# Открытый раздел > После рождения >  Самоотлучение

## Домик в деревне

Теоретически я это понимаю так, что у ребенка угасает сосательный рефлекс, он все больше физически отделяется от мамы, часто уходит спать в отдельную кровать, и в определенный момент просто начинает забывать о том, что можно подпитаться у маминой груди. Появляются более актуальные для его возраста успокоители, становится достаточно просто объятий и других нежностей. А также физиологически наступает инволюция молока, т.е. оно становится концентратом иммунных факторов, действие которых сохраняется уже после завершения кормления и полгода-год ребенок еще защищен маминым молоком.

Также из Рожаны, подсмотрено у umnitsa_loshad
_
Почему нужно кормить грудью до того или иного возраста:

- До 2 лет - для поддержания и развития пищеварительной системы; к 2 годам созревают почти все основные ферменты (кроме тех, что отвечают за переваривание клетчатки, они созревают после 4 лет). В 2 года ребенок уже может получать все необходимое из продуктов питания;

- До 3 лет - для нормального формирования нервной системы (в 3 года завершается миелинезация нервных волокон; к 3 годам завершается основной рост и развитие мозга (он еще будет расти, но уже далеко не так значительно);

- До 4 лет - для поддержания иммунной системы. Известно, что материнские антитела циркулируют в организме ребенка еще 6 месяцев после последнего прикладывания к груди. Наблюдения Центра за детьми на длительном ГВ позволяют предположить, что если кормить достаточно долго на фоне инволюции (когда ребенок получает особенно насыщенное антителами молоко), эти антитела в результате могут циркулировать в крови ребенка и дольше - около 1,5 лет. То есть если кормить до 4 лет, как раз примерно до 6 лет (до полного формирования) иммунная система и будет поддерживаться.

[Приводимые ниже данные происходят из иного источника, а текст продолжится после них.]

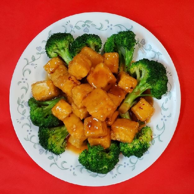 Tofu and mixed vegetables, choice of rice or lo mein with beef, chicken, pork, or shrimp add-ons.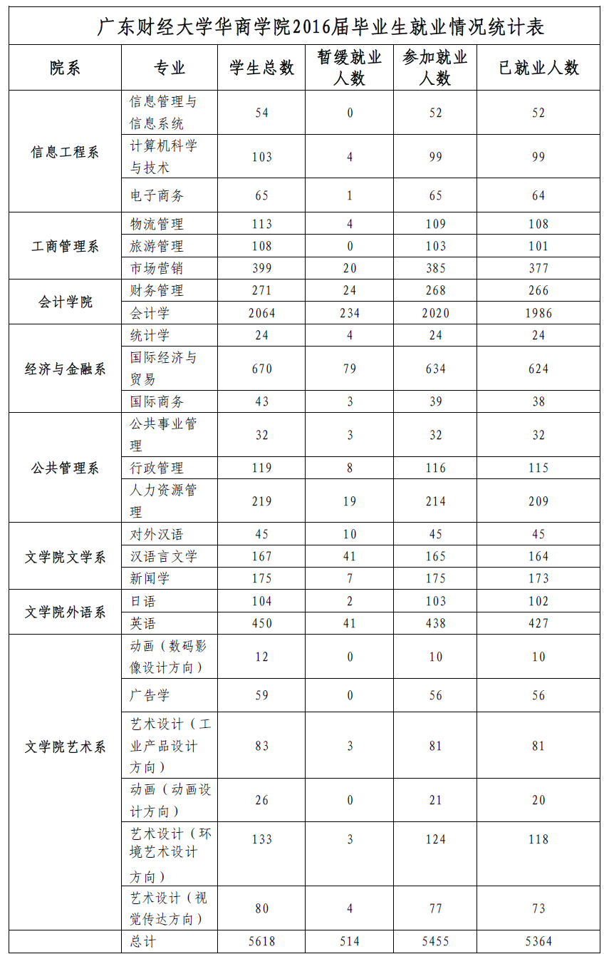 毕业生中参加就业人数为 5455 人,均为本科生。

Заканчивать кормление "Рожана" рекомендует на 5-м году жизни (если оно естественным образом не завершилось раньше). Некоторые имеющиеся у Центра данные позволяют предположить, что при ГВ дольше 5 лет тормозится психическое развитие ребенка. Шутка с курса: "Многие северные народы кормят грудью гораздо дольше 4 лет. Вот поэтому про чукчей столько анекдотов". )_

Ну и я знаю, часто самоотлучение ребенка происходит на фоне новой беременности, молока становится меньше и, если ребенок уже достаточно взрослый, то он легко отказывается в пользу младшего, а если совсем маленький, то мамы практикуют тандем. 

Уважаемые мамы, а как у вас происходило или как вы себе видите самоотлучение?

----------


## mamaRita

да, еще я как-то читала, что в одном из племен мальчиков кормят до первой охоты... Представляете себе этого "мальчика" :Smile: )) Который из маминой сиси кушает...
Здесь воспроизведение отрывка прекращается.